Yes, we know. The life science venture shakeout isn’t over yet. It’ll get smaller before it gets bigger. That was the drumbeat Financings of the Fortnight heard as it made the rounds at J.P. Morgan earlier this week.

But let us throw a few names at you. Sanderling Ventures. Alex Denner. Ascension Health Ventures. Hatteras Venture Partners. Shakeout notwithstanding, all have raised or are raising new health care funds, some by notable means. Hatteras is boosting its fund size 50% to $125 million by adding Small Business Administration loans under a new venture-friendly government program.

Sanderling Ventures, whose last fund was of 2004 vintage, is looking to raise a seventh fund of $250 million, and GlaxoSmithKline PLC says it will be a limited partner with a $50 million stake (Also see "GSK Will Be A Limited Partner In Sanderling Ventures’ New Fund" - Pink Sheet, 10 Jan, 2013.).

The venture arm of Ascension Health, one of the largest hospital groups in the U.S., has raised a third fund of $225 million. And Carl Icahn’s former biotech consigliere Alex Denner is also starting a new fund, friends of FOTF say.

But the fund news FOTF found most intriguing was that apparently CMEA Capital of San Francisco is giving an eighth fund a go, and it might be life-sciences only. Details aren’t certain – and CMEA isn’t talking – FOTF knows this: two new partners with biotech experience have been dubbed "founding partners" of CMEA 8. It says so on the firm’s Web site. One is Kent Hawryluk, who has been an Indianapolis-based VC with Twilight Venture Partners for years. He helped found Marcadia Biotech Inc. in 2006 and sell it to Roche in late 2010 for nearly $300 million upfront. The other is Troy Wilson, who was president, CEO and co-founder of Intellikine Inc. until Takeda Pharmaceutical Co. Ltd. bought it about a year ago for up to $310 million [See Deal].

With CMEA maintaining radio silence despite our entreaties, FOTF is left to speculate about the verbiage on Hawryluk and Wilson’s CMEA pages:

“Our success at Marcadia is a reproducible formula for the portfolio companies of CMEA 8. We focused on transforming breakthrough science into a product needed by patients and pharma. It was through capital efficiency, proper incentives and hard work we were able to create value in such a short amount of time.”

And…

Wilson’s most recent success illustrates the strength of the CMEA 8 model.

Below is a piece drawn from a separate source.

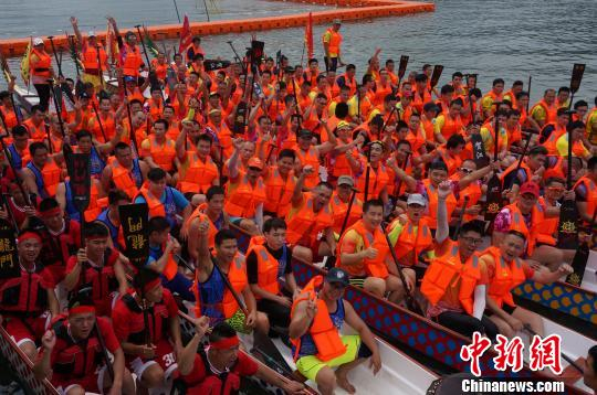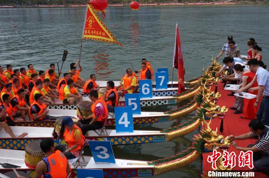 图为桂粤龙舟争霸赛参赛队伍。 赵琳露 摄
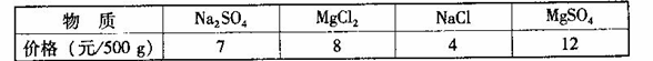 请根据计算,从下表中选择两种盐,配制一种最简单、最便宜的 “人工海水”, 使该“人工海水”中的钠元素、镁元素含量和海水基本相同。

He was president and CEO of Intellikine, a company he co-founded. In just over four years, Intellikine discovered three drugs to treat cancer and advanced them into clinical testing… Along with several of his Intellikine colleagues, he recently co-founded Wellspring Biosciences. “It’s exactly the sort of company we want in CMEA 8,” he says.

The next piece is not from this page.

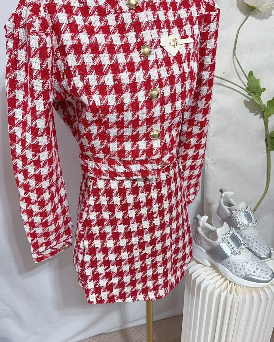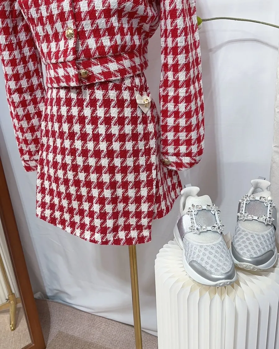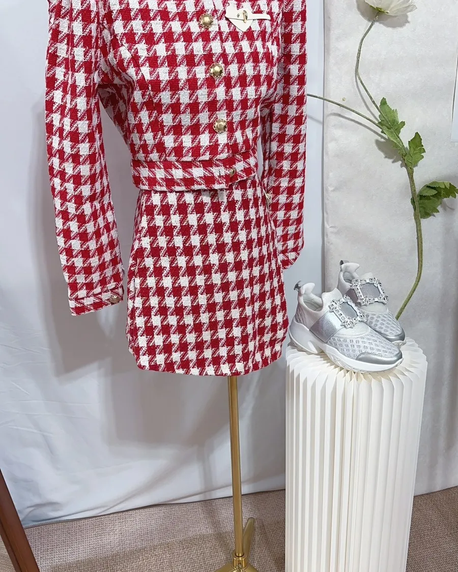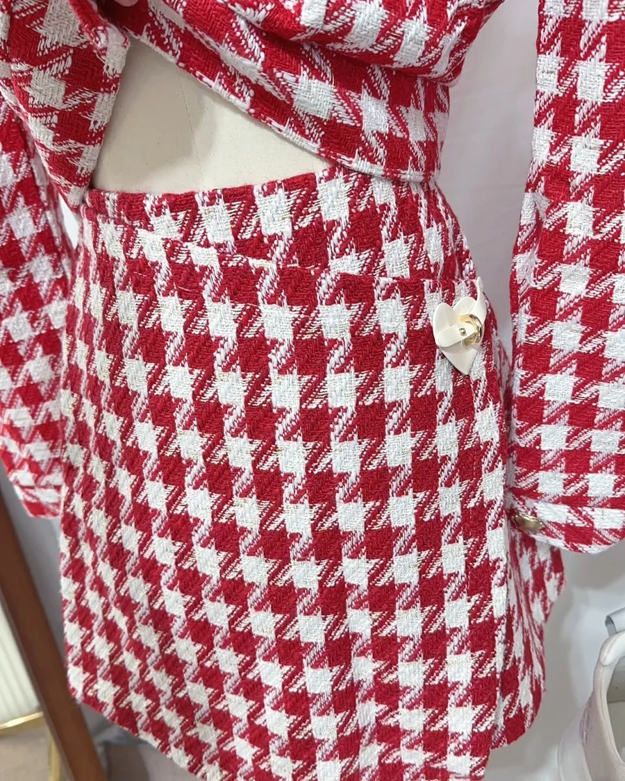 千金千鳥格小香風套裝

WellSpring Pharmaceutical Corp., by the way, is developing small molecules for cancer treatment, according to its bare-bones Web site.

Last FOTF heard news from CMEA, it was launching the Velocity Development Corp. in 2011, a virtual development team for asset financing, as a carve-out of its seventh fund. In an earlier permutation, Velocity was supposed to be backed by Eli Lilly & Co. as part of Lilly’s “mirror fund” scheme, but instead it launched in mid-2011 as part of CMEA’s portfolio (Also see "Atlas, CMEA Test New Biotech Model " - Scrip, 1 Apr, 2011.).

Around the same time, Atlas Venture created its own asset-financing group, the Atlas Venture Development Corp. AVDC since has announced two projects, Arteaus Therapeutics LLC and Annovation Biopharma Inc., and in the following months, other asset-based venture schemes have debuted (Also see "Latest Pharma-VC Experiment: Arteaus Gets $18M For Migraine Drug Licensed From Lilly" - Pink Sheet, 19 Oct, 2011.) and (Also see "Series A Financing For Annovation Includes Potential Buyout By TMC" - Pink Sheet, 12 Sep, 2012.).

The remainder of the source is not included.